|Home | About | Journals | Submit | Contact Us | Français|
Mammography quality assurance programs have been in place for over a decade. We studied radiologists’ self-reported performance goals for accuracy in screening mammography and compared them to published recommendations.
A mailed survey of radiologists at mammography registries in seven states within the Breast Cancer Surveillance Consortium (BCSC) assessed radiologists’ performance goals for interpreting screening mammograms. Self-reported goals were compared to published American College of Radiology (ACR) recommended desirable ranges for recall rate and false positive rate, positive predictive value of biopsy recommendation (PPV2), and cancer detection rate. Radiologists’ goals for interpretive accuracy within desirable range were evaluated for associations with their demographic characteristics, clinical experience and receipt of audit reports.
The survey response rate was 71% (257 of 364 radiologists). The percentage of radiologists reporting goals within desirable ranges was 79% for recall rate, 22% for false positive rate, 39% for PPV2, and 61% for cancer detection rate. The range of reported goals was 0 to 100% for false-positive rate and PPV2. Primary academic affiliation, receiving more hours of breast imaging continuing medical education (CME), and receiving audit reports at least annually were associated with desirable PPV2 goals. Radiologists reporting desirable cancer detection rate goals were more likely to have interpreted mammograms for 10 or more years, and > 1,000 mammograms per year.
Many radiologists report goals for their accuracy when interpreting screening mammograms that fall outside of published desirable benchmarks, particularly for false positive rate and PPV2, indicating an opportunity for education.
Of all the specialties within radiology, breast imaging lends itself to the objective assessment of interpretive performance. As information technology infrastructure in medicine develops, more specialties may be added. Benchmarks for desirable interpretation in breast imaging have been published for the U.S. and Europe 1-3. Many countries now mandate that audit performance data be collected and reviewed so that administrators and radiologists know how well they are performing 4, 5. It is not clear, however, what impact the efforts to collect and review audit data are having on individual radiologists, or whether radiologists have goals for their own performance that align with published benchmarks.

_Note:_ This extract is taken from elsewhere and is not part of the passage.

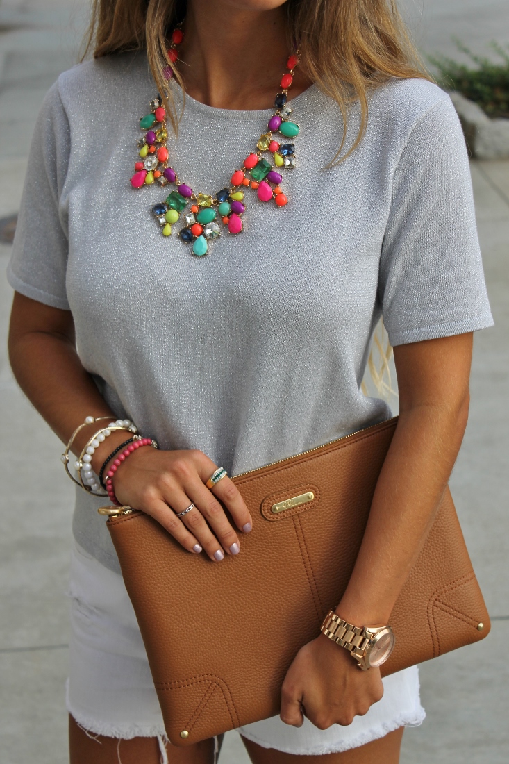 A statement necklace, essentially a necklace that has big eye-catching elements to it, is a great addition to an otherwise very simple outfit. T-shirts, sweaters, even simple sweatshirts can look put together and chic by adding a necklace that brings attention to the neckline. I will often add a statement necklace over a sweater and black leggings when running out the door last minute .

Educational studies have shown that when clinicians understand that a gap exists between their performance and national targets, they can be predisposed to change their behavior 7, 8. Interpretive accuracy in mammography could be improved if radiologists are motivated by recognizing a gap between their individual performance and desirable benchmarks. One web-based continuing medical education (CME) intervention utilized individual radiologist’s own recall rate data and compared it to rates of a large cohort of their peers 9. Radiologists with inappropriately high recall rates were able to come up with specific plans to improve their recall rates based upon this recognition of a need to improve. For improvements to occur, radiologists must recognize the difference between their own performance and desired targets, which is potentially feasible given collection and review of MSQA audit data. However, it is not clear if radiologists are aware of common desirable performance goal ranges.
In this study, we surveyed a large number of community-based radiologists all working in breast imaging and asked them to indicate their personal goals for interpretive performance. We sought to determine the proportion of radiologists’ personal performance goals within published benchmarks and which, if any, characteristics of the radiologists and their practices would be associated with having goals within desirable benchmarks.
All radiologists who interpreted screening mammograms in 2005-2006 in the National Cancer Institute-funded Breast Cancer Surveillance Consortium (BCSC) 10, 11 were invited to complete a self-administered mailed survey. This included seven sites representing distinct geographic regions of the U.S. (California, Colorado, North Carolina, New Mexico, New Hampshire, Vermont, and Washington). Most radiologists participating in the consortium are community-based, and routinely receive audit reports 12. All procedures were Health Insurance Portability and Accountability Act compliant, and all BCSC sites and the Statistical Coordinating Center received a Federal Certificate of Confidentiality and other protection for the identities of the physicians who are subjects of this research. Institutional Review Boards (IRB) of the study university and all seven BCSC sites approved the study.
The survey was developed by a multi-disciplinary team of experts in breast imaging, clinical medicine, health services research, biostatistics, epidemiology, behavioral sciences, and educational psychology, and was extensively pilot-tested. The content and development of the survey have been previously described in detail 6. Our primary outcomes included self-reported goals for various measures of interpretive performance. Radiologists were asked to report their goal or value they would like to achieve for recall rate, false positive rate, positive predictive value of biopsy recommendation (PPV2), and cancer detection rate per 1000 screening mammograms. All performance measures were defined in the survey (Table 1). We also assessed the frequency with which radiologists received performance audits (none, once per year, more than once per year)6.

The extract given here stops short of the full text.